Calls made to abolish admissions cap for faith-based schools

New Education Secretary urged to end 50 percent restriction at free schools

School classroom

The new secretary of state for education should scrap the 50 percent cap on faith-based school admissions to Jewish schools because it is not the best way to ensure community cohesion, Jewish leaders have said.

In a letter to Justine Greening from the Board of Deputies, sent on Wednesday, Board chief executive Gillian Merron says: “The majority of Jewish schools [are] in favour of the abolition of the 50 percent rule.”

The cap applies to all free schools and decrees that only half of all pupil admissions can be made on the grounds of ethnicity, but the government reshuffle has ushered in new thinking on the issue.
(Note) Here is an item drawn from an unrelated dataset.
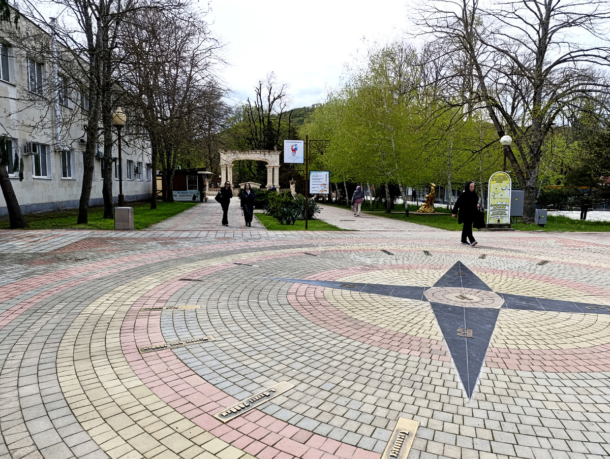 Сегодня погода с утра не задалась, по прогнозу до 13 ч дождь. Ну что же, значит, у меня есть время рассказать вам про другие достопримечательности Горячего ключа, а именно про Горный парк. Именно сюда устремляются все туристы, приезжающие на денёк из ближайших городов. И именно сюда в первую очередь направилась и я, пока день был солнечный и не было толп народа. После знакомства с Круглым озером я в очередной раз пошла в этом направлении. И хотя по центральной аллее я проходила неоднократно, этот компас я увидела впервые , т.к. в этом месте я сворачивала на дорожку вправо. А тут решила снять общий план и увидела под ногами вот такую Розу Ветров с нулевым километром с расстоянием до некоторых городов. А вот и арка,с которой начинается Горный парк. Ну и по указателю: прямо пойдешь в Дантово ущелье придёшь, вправо пойдешь - к реке Псекупс придёшь. К реке мы сходим попозже, а сейчас к ущелью. С 2023 года на подходе к ущелью идет масштабная реконструкция популярных терренкуров. Благоус

Nick Timothy, director of the New Schools Network and former chief of staff to Theresa May, is a known critic of the cap, as is Dame Louise Casey, who advises the government on radicalisation in education.

Asking for “a more flexible approach,” the Board tells Greening that the cap has “prevented the creation of more faith-based free schools,” while those that exist “only appeal to people of the faith background”.

Greening’s predecessor as secretary of state for education, Nicky Morgan, was unmoved by Jewish communal protests, but the recent reshuffle has prompted renewed calls, with 68 rabbis penning a letter to Greening last week opposing the cap.